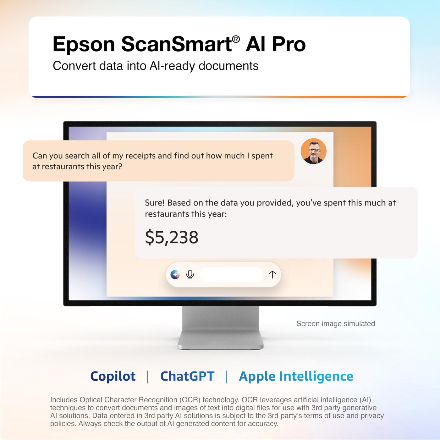Unleash The Power Of Ai With The Epson Rapidreceipt Rr-600W Dedicated Business Scanner.Driven By Epson Scansmart Ai Pro Technology, Youll Quickly And Intelligently Convert Scanned Information Into Smart Digital Data - Making Your Documents Ai-Ready For Microsoft Copilot, Apple Intelligence, Chatgpt Workflows And More.Going Beyond Simple Document Capture, The Rapidreceipt Rr-600W Scanner Utilizes An Extensive Data Model Of Various Invoices And Receipts To Quickly Turn Stacks Of Unorganized Paperwork Into Categorized Digital Data That Easily Integrates Into Financial Applications Such As Quickbooks And Turbotax.The Rapidreceipt Rr-600W Helps Increase Your Productivity With Fast Scanning Up To 35 Pages Per Minute, Delivering 10 Times Faster Duplex Scanning Than A Multifunction Printer4. Plus, Advanced Features Like A 100-Page Automatic Document Feeder And The Ability To Create Searchable And Editable Pdfs. While The Built-In 4.3'' Color Touchscreen Allows For Pc-Free Scanning Directly To An Email Account, Cloud Service5 Or Usb Drive.One Of The Smartest Investments You Can Make For Your Business, The Epson Rapidreceipt Rr-600W Business Scanner, Powered By Scansmart Ai Pro, Enables You And Your Business To Stay Organized And Efficient By Unleashing The Power Of Ai.
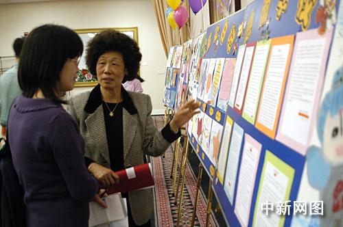 现任阳光学校校长、中国驻美大使周文重夫人谢淑敏女士(右)告诉记者,驻美使馆阳光学校在中文教学之外为孩子们组织丰富多彩的活动,增强了孩子们学习中文的兴趣。(中新社/邱江波)
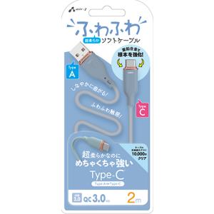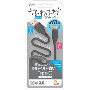 - エアージェイ Type-C 強化コネクターふわふわケーブル 2m(グレー) air-J UCJ-AW2MGY 返品種別A
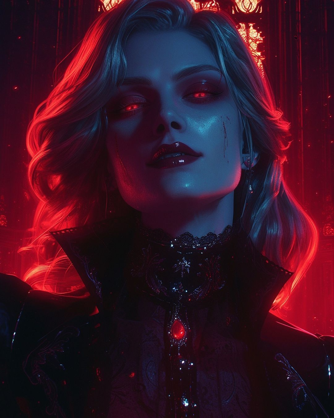 Он быстро развернулся на месте и отскочил в сторону, застыв в небольшом ступоре. Перед ним стояла высокая, около шести футов или больше ста восьмидесяти сантиметров ростом красивая женщина. Прекрасная белоснежная кожа была без единой морщинки ил пятнышка. Алые глаза смотрели на него уверенно, с небольшой насмешкой и интересом, а кончики полных губ, вишнёвого цвета, приподнялись в намёке на улыбку. Белые волосы прекрасным водопадом струились по плечам и груди.
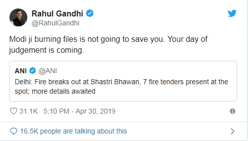 ದೆಹಲಿಯ ಶಾಸ್ತ್ರಿ ಭವನದಲ್ಲಿ ನಡೆದ ಬೆಂಕಿ ಅನಾಹುತದ ಬಗ್ಗೆ ಟ್ವೀಟ್ ಮಾಡಿರುವ ರಾಹುಲ್, ಮೋದಿಜೀ ಕಡತಗಳನ್ನು ವ್ಯವಸ್ಥಿತವಾಗಿ ಸುಟ್ಟು ಹಾಕುವುದರಿಂದ, ನಿಮ್ಮ ಸರಕಾರದ ಅಕ್ರಮಗಳು ಬಯಲಿಗೆ ಬರುವುದಿಲ್ಲ ಎಂದುಕೊಳ್ಳಬೇಡಿ. ಅಧಿಕಾರದಿಂದ ಇಳಿಯುವ ದಿನಗಳು ಹತ್ತಿರ ಬರುತ್ತಿವೆ ಎಂದು ರಾಹುಲ್ ಬರೆದುಕೊಂಡಿದ್ದಾರೆ.
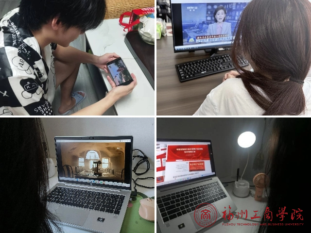 学生党员认真观看学习
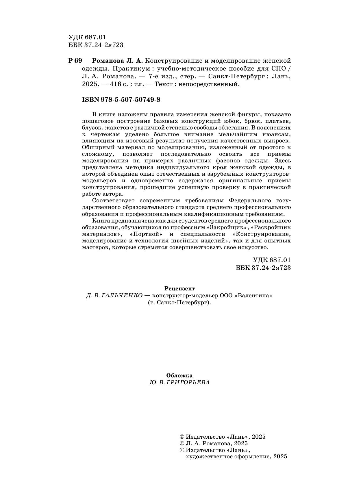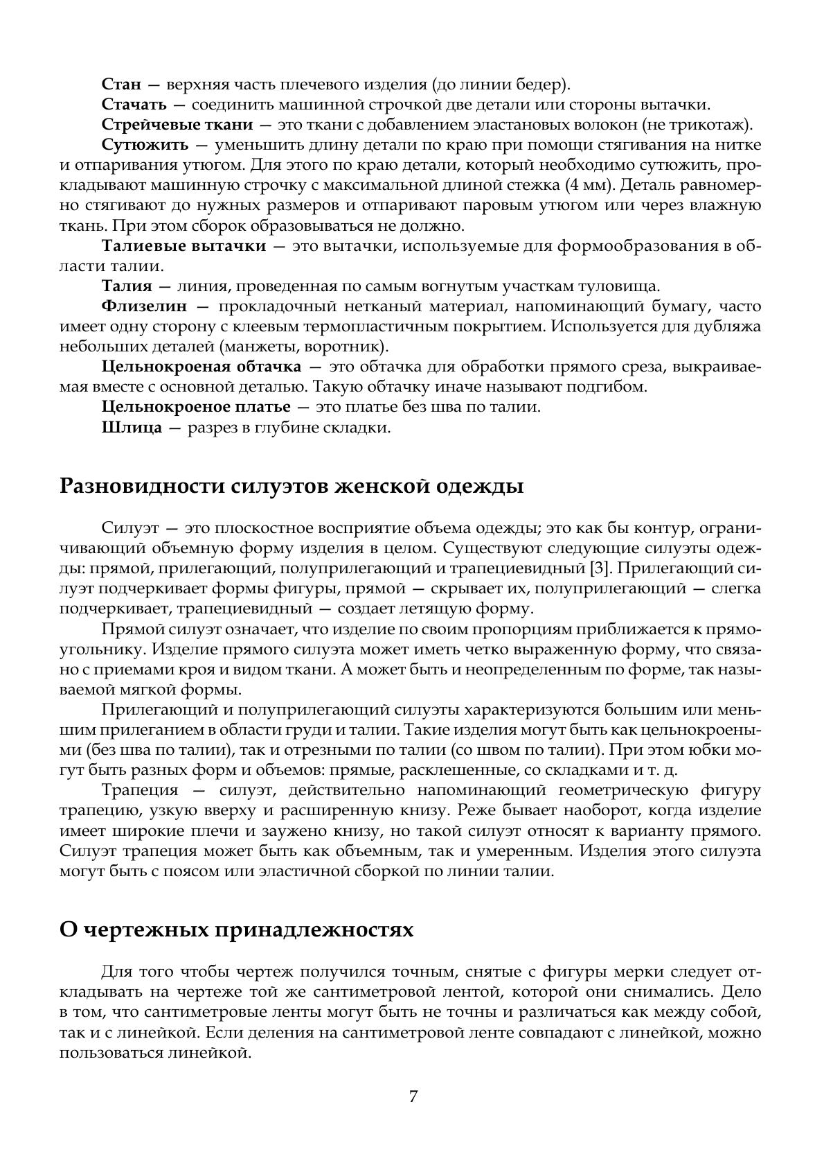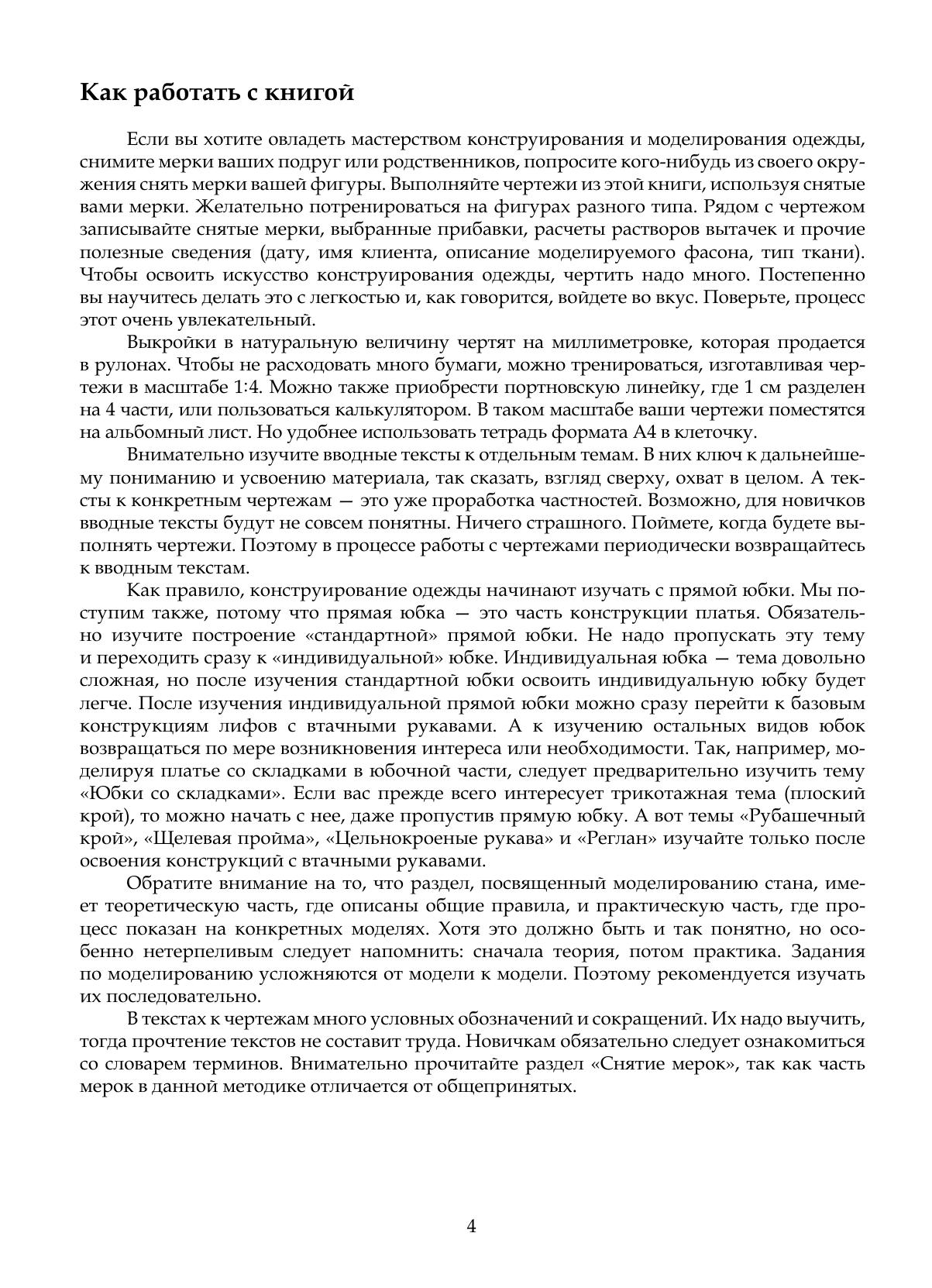 В книге изложены правила измерения женской фигуры, показано пошаговое построение базовых конструкций юбок, брюк, платьев, блузок, жакетов с различной степенью свободы облегания. В пояснениях к чертежам уделено большое внимание мельчайшим нюансам, влияющим на итоговый результат получения качественных выкроек. Обширный материал по моделированию, изложенный от простого к сложному, позволяет последовательно освоить все приемы моделирования на примерах различных фасонов одежды. Здесь представлена методика индивидуального кроя женской одежды, в которой объединен опыт отечественных и зарубежных конструкторов-модельеров и одновременно содержатся оригинальные приемы конструирования, прошедшие успешную проверку в практической работе автора. Соответствует современным требованиям Федерального государственного образовательного стандарта среднего профессионального образования и профессиональным квалификационным требованиям. Книга предназначена как для студентов среднего профессионального образования, обучающихся по профессиям «Закройщик», «Раскройщик материалов», «Портной» и специальности «Конструирование, моделирование и технология швейных изделий», так и для опытных мастеров, которые стремятся совершенствовать свое искусство.
++++++++++
**Exercise objective:**
All entries above must be duplicated exactly; please omit any picture they hold.

**Response:**
Unleash The Power Of Ai With The Epson Rapidreceipt Rr-600W Dedicated Business Scanner.Driven By Epson Scansmart Ai Pro Technology, Youll Quickly And Intelligently Convert Scanned Information Into Smart Digital Data - Making Your Documents Ai-Ready For Microsoft Copilot, Apple Intelligence, Chatgpt Workflows And More.Going Beyond Simple Document Capture, The Rapidreceipt Rr-600W Scanner Utilizes An Extensive Data Model Of Various Invoices And Receipts To Quickly Turn Stacks Of Unorganized Paperwork Into Categorized Digital Data That Easily Integrates Into Financial Applications Such As Quickbooks And Turbotax.The Rapidreceipt Rr-600W Helps Increase Your Productivity With Fast Scanning Up To 35 Pages Per Minute, Delivering 10 Times Faster Duplex Scanning Than A Multifunction Printer4. Plus, Advanced Features Like A 100-Page Automatic Document Feeder And The Ability To Create Searchable And Editable Pdfs. While The Built-In 4.3'' Color Touchscreen Allows For Pc-Free Scanning Directly To An Email Account, Cloud Service5 Or Usb Drive.One Of The Smartest Investments You Can Make For Your Business, The Epson Rapidreceipt Rr-600W Business Scanner, Powered By Scansmart Ai Pro, Enables You And Your Business To Stay Organized And Efficient By Unleashing The Power Of Ai.
 现任阳光学校校长、中国驻美大使周文重夫人谢淑敏女士(右)告诉记者,驻美使馆阳光学校在中文教学之外为孩子们组织丰富多彩的活动,增强了孩子们学习中文的兴趣。(中新社/邱江波)
 - エアージェイ Type-C 強化コネクターふわふわケーブル 2m(グレー) air-J UCJ-AW2MGY 返品種別A
 Он быстро развернулся на месте и отскочил в сторону, застыв в небольшом ступоре. Перед ним стояла высокая, около шести футов или больше ста восьмидесяти сантиметров ростом красивая женщина. Прекрасная белоснежная кожа была без единой морщинки ил пятнышка. Алые глаза смотрели на него уверенно, с небольшой насмешкой и интересом, а кончики полных губ, вишнёвого цвета, приподнялись в намёке на улыбку. Белые волосы прекрасным водопадом струились по плечам и груди.
 ದೆಹಲಿಯ ಶಾಸ್ತ್ರಿ ಭವನದಲ್ಲಿ ನಡೆದ ಬೆಂಕಿ ಅನಾಹುತದ ಬಗ್ಗೆ ಟ್ವೀಟ್ ಮಾಡಿರುವ ರಾಹುಲ್, ಮೋದಿಜೀ ಕಡತಗಳನ್ನು ವ್ಯವಸ್ಥಿತವಾಗಿ ಸುಟ್ಟು ಹಾಕುವುದರಿಂದ, ನಿಮ್ಮ ಸರಕಾರದ ಅಕ್ರಮಗಳು ಬಯಲಿಗೆ ಬರುವುದಿಲ್ಲ ಎಂದುಕೊಳ್ಳಬೇಡಿ. ಅಧಿಕಾರದಿಂದ ಇಳಿಯುವ ದಿನಗಳು ಹತ್ತಿರ ಬರುತ್ತಿವೆ ಎಂದು ರಾಹುಲ್ ಬರೆದುಕೊಂಡಿದ್ದಾರೆ.
 学生党员认真观看学习
 В книге изложены правила измерения женской фигуры, показано пошаговое построение базовых конструкций юбок, брюк, платьев, блузок, жакетов с различной степенью свободы облегания. В пояснениях к чертежам уделено большое внимание мельчайшим нюансам, влияющим на итоговый результат получения качественных выкроек. Обширный материал по моделированию, изложенный от простого к сложному, позволяет последовательно освоить все приемы моделирования на примерах различных фасонов одежды. Здесь представлена методика индивидуального кроя женской одежды, в которой объединен опыт отечественных и зарубежных конструкторов-модельеров и одновременно содержатся оригинальные приемы конструирования, прошедшие успешную проверку в практической работе автора. Соответствует современным требованиям Федерального государственного образовательного стандарта среднего профессионального образования и профессиональным квалификационным требованиям. Книга предназначена как для студентов среднего профессионального образования, обучающихся по профессиям «Закройщик», «Раскройщик материалов», «Портной» и специальности «Конструирование, моделирование и технология швейных изделий», так и для опытных мастеров, которые стремятся совершенствовать свое искусство.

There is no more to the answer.